- Pitcher / First baseman
- Born: May 6, 1913 Baltimore, Maryland, U.S.
- Died: November 19, 1938 (aged 25) Baltimore, Maryland, U.S.
- Batted: LeftThrew: Left

Negro leagues debut
- 1932, for the Baltimore Black Sox

Last Negro leagues appearance
- 1938, for the Philadelphia Stars

Negro leagues statistics
- Win–loss record: 32–21
- Earned run average: 3.24
- Strikeouts: 295
- Stats at Baseball Reference

Teams
- Baltimore Black Sox (1932–1933); Philadelphia Stars (1934–1938);

Career highlights and awards
- Negro National League pennant (1934); Triple Crown (1934); Negro National League ERA leader (1934); Negro National League wins leader (1934); Negro National League strikeout leader (1934);

= Slim Jones =

American baseball player (1913–1938)

Stuart "Slim" Jones (May 6, 1913 – November 19, 1938) was an American professional baseball pitcher and first baseman in negro league baseball. A native of Baltimore, Maryland, he played for the Baltimore Black Sox and the Philadelphia Stars of the East-West League and Negro National League II from 1932 to 1938.

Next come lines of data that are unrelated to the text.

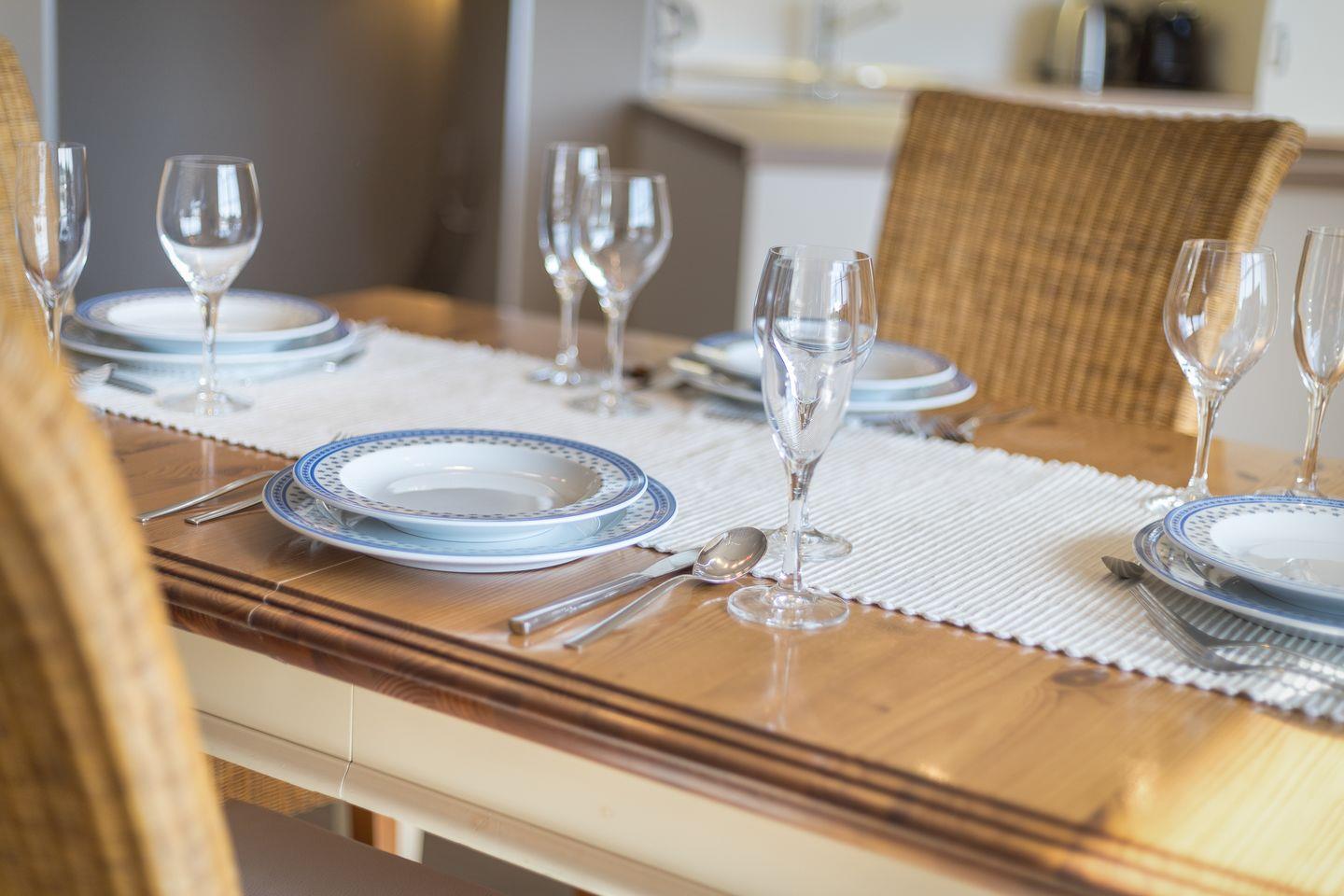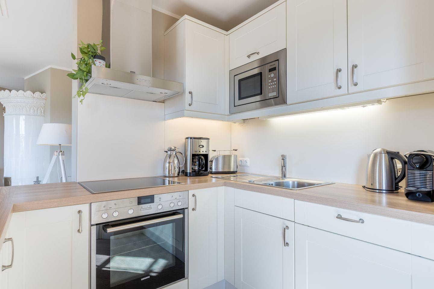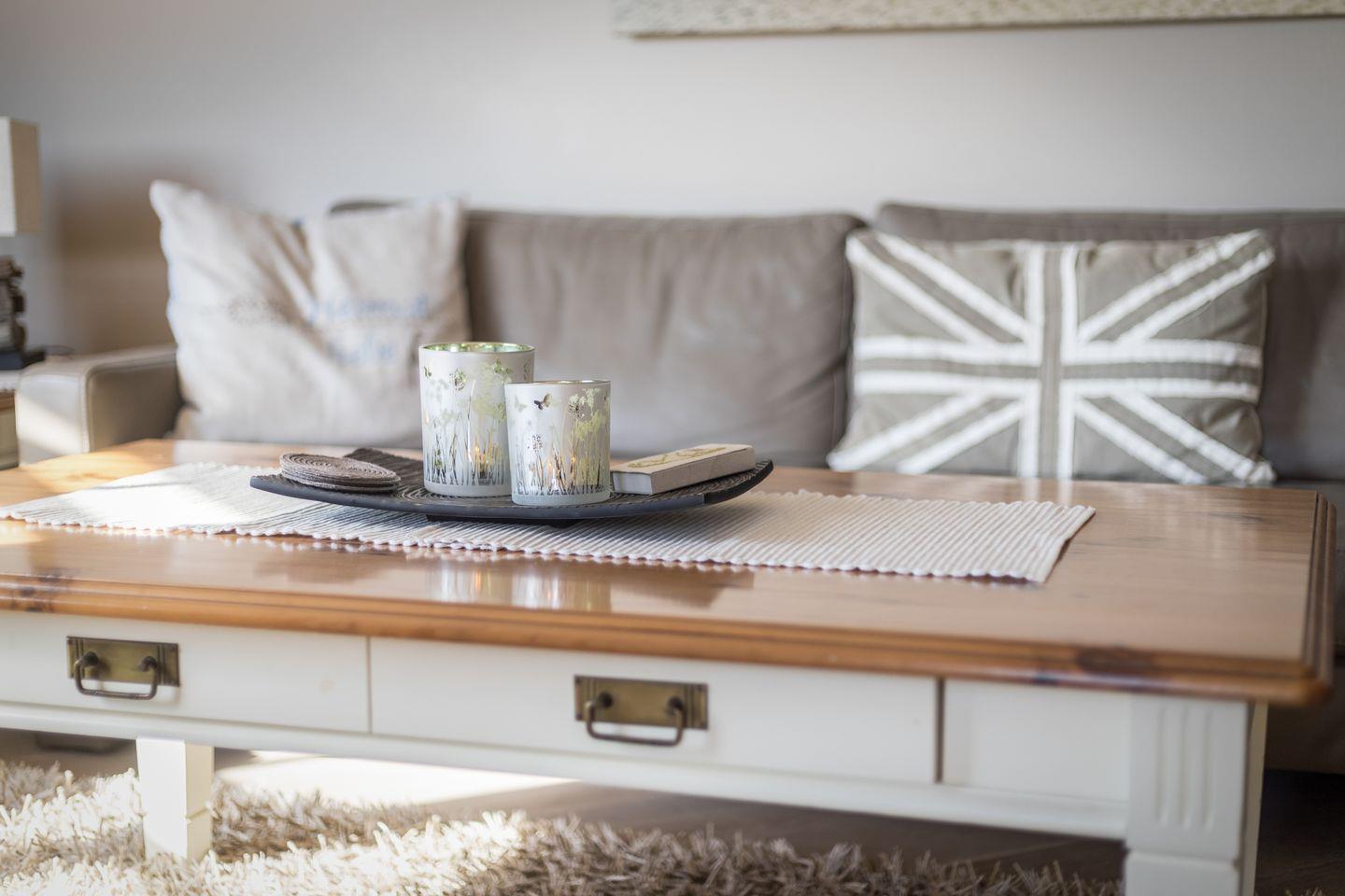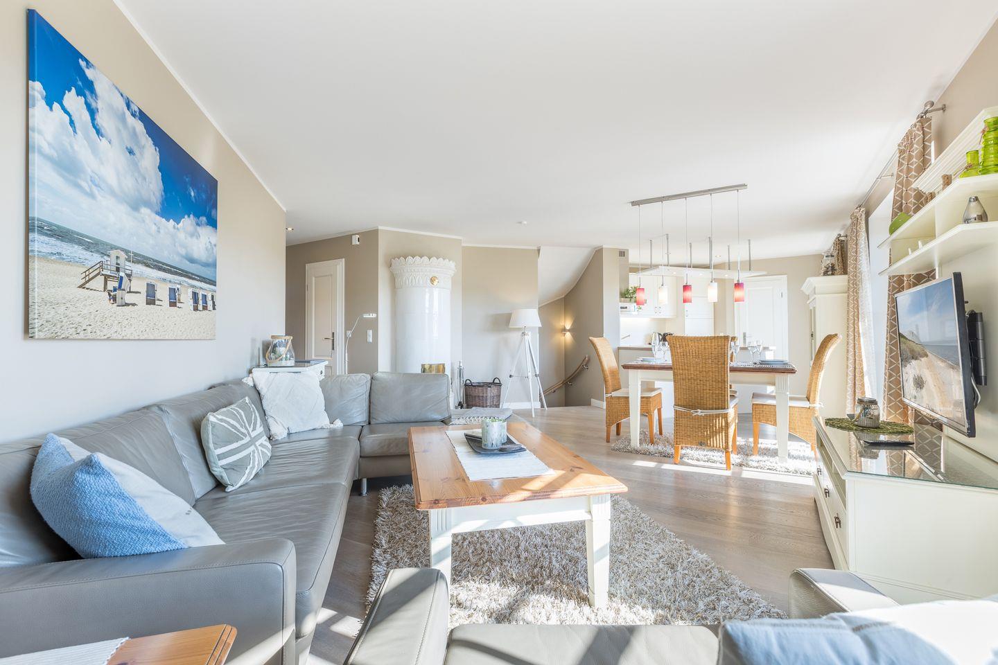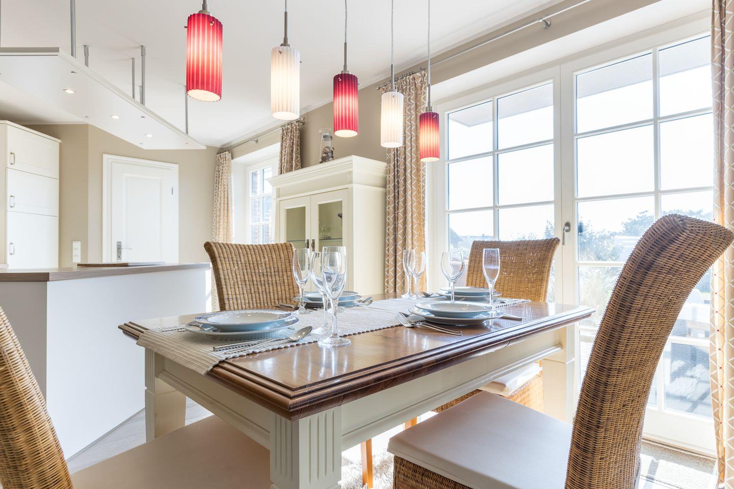 Im Erdgeschoss der Wohnung Föhr befindet sich ein großzügiger Wohnraum mit gemütlicher Wohnlandschaft,3D Flatscreen-TV, Kachelofen und Essbereich. Von hier aus gelangen Sie auf die Terrasse und in den Garten, der von April bis Oktober mit Strandkorb und Gartenmöbeln möbliert ist. Die offene Küche ist geschickt als Raumtrenner eingebaut und bietet Ihnen so die Möglichkeit, gleichzeitig bei Ihren Liebsten zu sein und das Urlaubsfrühstück oder Dinner vorzubereiten. Die Küche ist mit Backofen, Mikrowelle, Spülmaschine und zwei Kaffeemaschinen top ausgestattet, sodass es Ihnen an nichts fehlen wird.
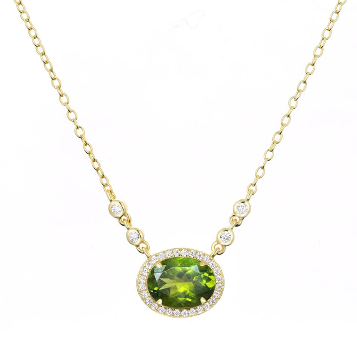 This necklace is made with gold-plated sterling silver, features a genuine green tourmaline drop, and has crystal accents.
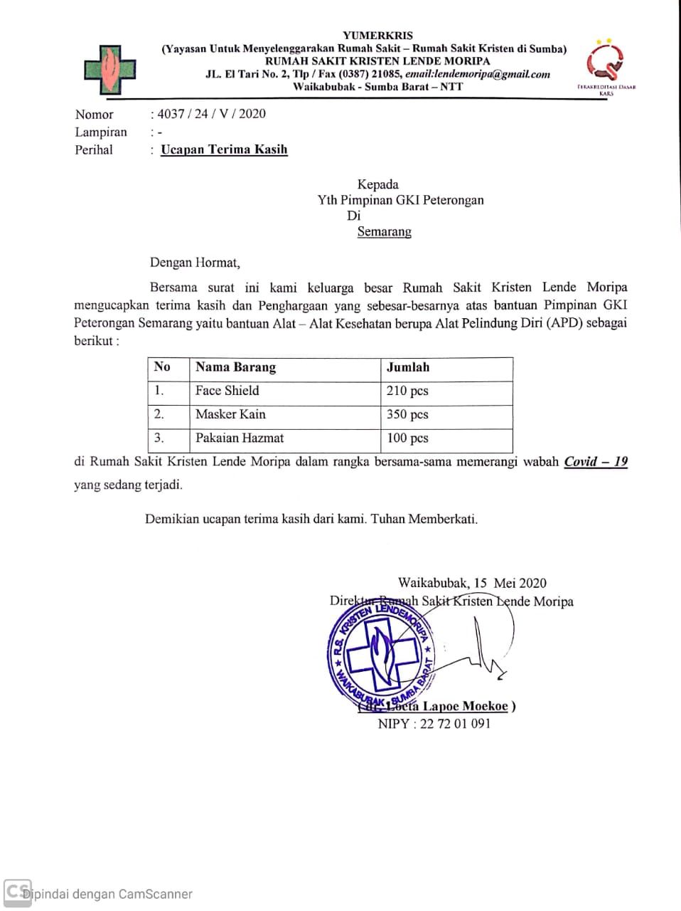 Penyerahan APD untuk RS Kristen Lindimara & Lende Moripa Sumba
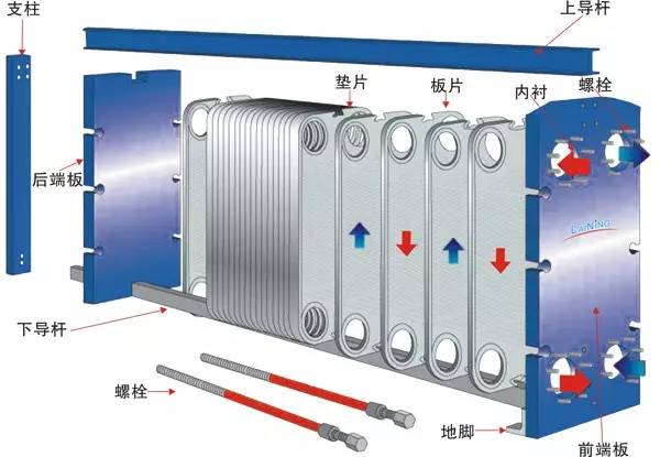 板式換熱器的墊片在使用時如果發(fā)生滲漏、斷裂、老化等現(xiàn)象,要及時更換。更換應(yīng)按以下順序進行。
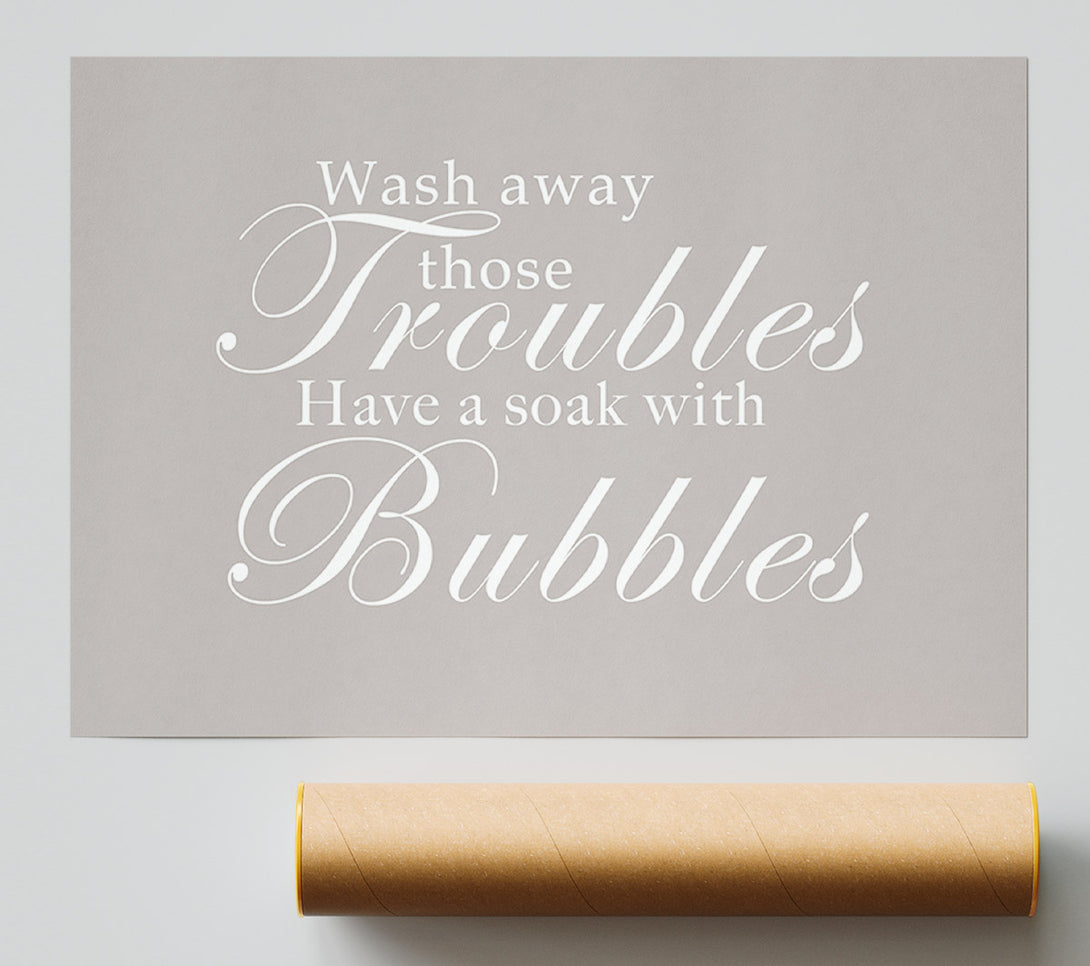 Our Bathroom Quote Wash Away Those Troubles Beige Poster is printed 260 GSM premium lustre paper that offers vibrant colours and exceptional detail.
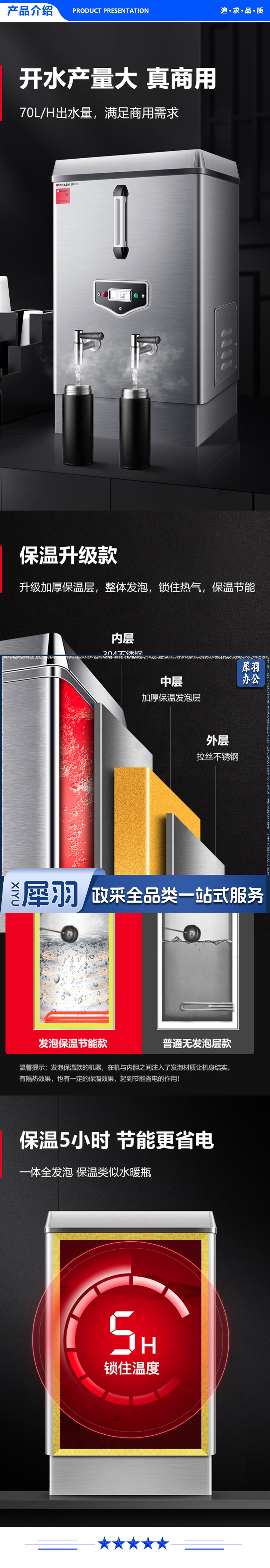 德玛仕 DEMASHI KS-60F 开水器 商用电热开水机 全自动进水 304不锈钢 烧水器 220V

In 1934, the 6' 6" Jones led the Negro National League II in earned run average (ERA) at 1.29, wins (20), and strikeouts (164) to become the first pitcher in Negro league history to achieve the pitching Triple Crown. This achievement was matched just three more times in league history. He set the pitching wins above replacement (WAR) record for a single season by a Negro League pitcher with 8.4, surpassing Bill Foster’s mark of 8.3 established in 1926. Jones was the winning pitcher in the final game of the Championship Series that clinched a pennant for the Stars. Jones was not in the league for a long time but was very effective during his short career.

Jones was plagued by trouble with alcoholism. He won just seven games in the four seasons he played after 1934. He died in Baltimore, Maryland, on November 19, 1938. According to legend, he froze to death after selling his coat for alcohol, but in reality he died after being admitted to a Baltimore hospital.

Fourteen years after his death, Jones received votes listing him on the 1952 Pittsburgh Courier player-voted poll of the Negro leagues' best players ever.